The Discovery • This led to the discovery in 1893 by two scientists Theobald Smith and Frederick Kilborn who found the microscopic organism responsible for Texas Fever, a protozoan they named Babesia bigemina.
The Workings of the Parasite It was discovered that the parasite first enters the infected animal’s bloodstream, and then inhabits and destroys the red blood cells.
New Name for an Old Disease The new name of Texas Fever became bovine babesiosis, after the protozoan that causes it. This is the current name that is still used around the world.
The whole mystery was not solved yet How did the protozoan infect the cattle?
A Clue • One important clue was when the Texas longhorns spent the winter in the north, they no longer infected the mid-western cattle.
TICKS! This led many people to suspect that cattle ticks were involved somehow.
They were correct! • The same scientists that discovered the protozoan found the vector to be cattle ticks. • The ticks sucked blood from an infected animal, dropped in the grass, laid eggs and hatched young ticks harboring the protozoan, ready to infect more cattle.
Many settlers thought that the longhorns poisoned the grass, which was partially correct. The ticks dropped off of them and hid in the grass, ready to infect another animal.
Ticks as the Vector • But when the Texas longhorns spent the winter up north, the ticks died from the colder temperatures. • And without the vector, there was no disease!
Blood-sucking Insects • This was a very important breakthrough because it marked the first time a blood-sucking insect transmitted a disease. • This later led to the discovery of mosquitoes as vectors for malaria and yellow fever.
But this was STILL not the whole story Why were the Texas longhorns not affected by the cattle ticks?
Only in modern times can we understand why • It turns out that the Texas longhorns had developed an immunity to the parasitic protozoan. • When the calves were born, they had a natural partial resistance to the infection from antibodies in their mother’s milk.
Texas Longhorns had Immunity The calf would only suffer a mild non-fatal attack, and then develop resistance to the parasite. When the calf became an adult cow, it maintained its immunity by constantly becoming re-infected by tick bites, remaining a carrier of the disease.

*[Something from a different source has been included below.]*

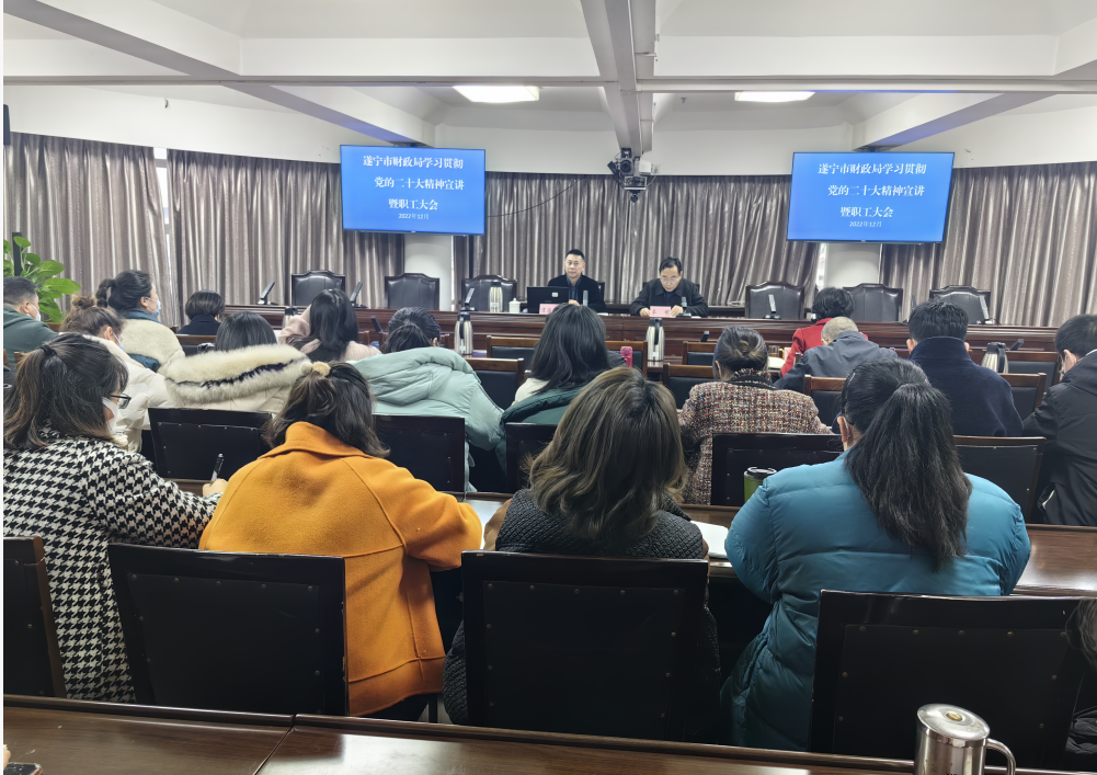 12月7日,为深入学习宣传贯彻党的二十大精神,引导党员干部把核心要义弄懂、把精神实质吃透,市财政局组织召开学习贯彻党的二十大精神宣讲暨职工大会。邀请市委党校、讲师团成员谭晓凌同志就学习贯彻党的二十大精神进行专题辅导。参加会议的有:在家局领导,机关及下属事业单位全体干部职工、离退休党支部党员代表,丰发担保公司职工。

But non-Texas cattle did not When a cow from the mid-west was introduced to the infected ticks, they did not have any immunity to the parasite they harbored, and the illness quickly became fatal.
Breaking the Transmission After discovering that without the ticks the illness disappeared, the Texas cattle were dipped in arsenic, beginning with the first dipping vats on the King Ranch in 1903.

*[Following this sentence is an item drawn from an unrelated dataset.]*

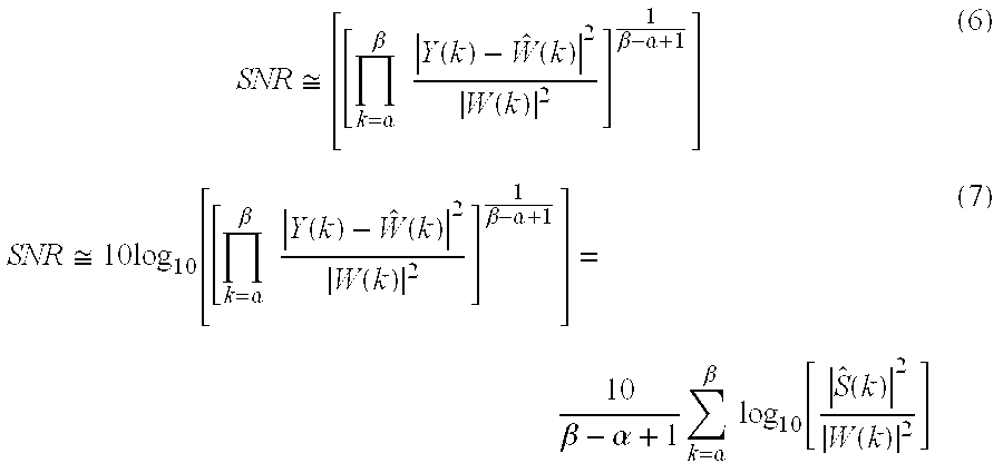 [0143] s(n)=nthtime sampleof the received signal [0144] w(n)=nthtime sample of the received noise [0145] N=window length in time samples used to compute spectrum [0146] S(k)−kthfrequency suband of the received signal spectrum [0147] W(k)=kthfrequency suband of the received noise spectrum [0148] Y(k)=kthfrequency suband of signal plus noise spectrum [0149] j={square root}{square root over (−1)} [0150] where S(k) represents a DFT of the signal; W(k) represents a DFT of noise; Y(k) represents a DFT of signal-plus-noise; s(n) represents a transmit signal; w(n) represents a noise signal. [0151] According to an embodiment of the present invention, these transforms may be computed with Fast Fourier Transform (FFT). A real 2N input sequence may be packed into an N point complex sequence as shown below. According to an embodiment of the present invention, transform weights may be computed on the fly using the method shown below. Frequency cells may be estimated using a number of methods other than a conventional DFT, such as autoregressive (AR), moving average (MA), autoregressive moving average (ARMA), quadrature mirror filter (QMF) filter bank, and other methods. [0152] To illustrate a geometric SNR, a geometric mean may be defined as follows:

Vaccines When Northern cattle were brought in to Texas, they could be immunized with small amounts of blood from infected animals, a type of vaccine known as a live vaccine.

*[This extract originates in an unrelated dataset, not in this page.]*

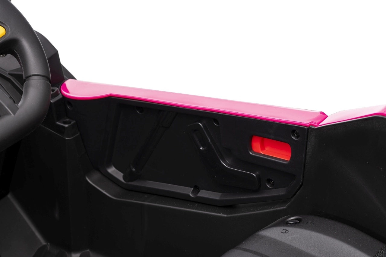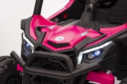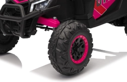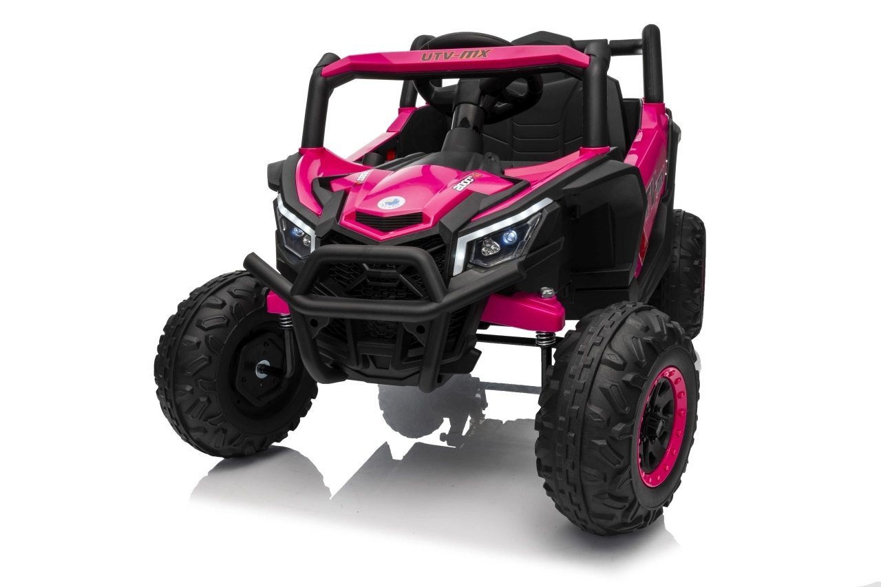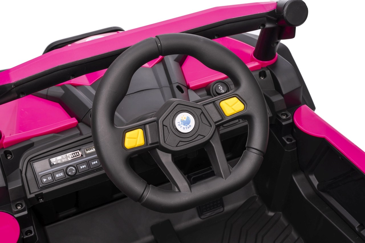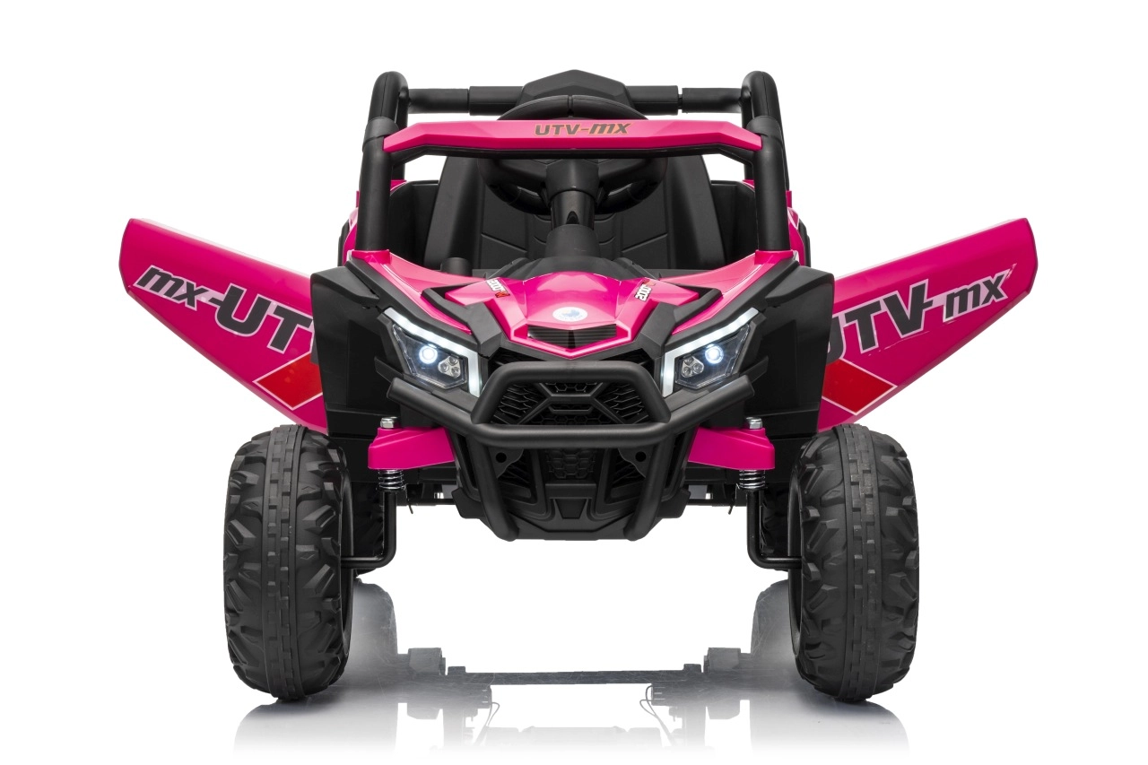 Das Kinder-Elektroauto Buggy Madman UTV-MX ist mit EVA-Schaumrädern mit den Maßen 24x10 cm ausgestattet, was eine komfortable und reibungslose Fahrt gewährleistet. Mit Federung vorne und hinten und zwei Geschwindigkeiten bietet dieses Modell Stabilität auch auf unebenem Gelände.

Finally! Even with all of these efforts, the disease was not eradicated in the United States until 1942.
Cattle fever in the rest of the world The disease still inflicts millions of cattle all over the world, in places such as Southern Europe, South America, South Africa, the West Indies, and Australia.
A New Threat from an Old Enemy The disease is also starting to come back to Texas. Although Texas has gotten rid of the ticks, Mexico still has problems with them. Because of our increased trade relations with Mexico, the disease is once again threatening our cattle population.
“Tick Riders” To maintain the safety of our Texas cattle, Texas officials have created a “permanent quarantine zone” on the border of the Rio Grande, patrolled by 60 USDA “tick riders” on horseback who apprehend and inspect stray livestock in the zone.
Safety of our Cattle • Texas Animal Health Commission field personnel also are trained to collect and identify ticks, as there is always a chance that fever ticks could be carried northward, or other dangerous foreign ticks could be introduced from other parts of the world.
Conclusion • Texas cattle fever nearly single-handedly ended the cattle drives of the 19th century. Even with extensive efforts of eradication, the parasite still infects millions of cattle around the world. However, through solving this mystery, we have gained knowledge about the source of disease, leading to the eradication of many other diseases.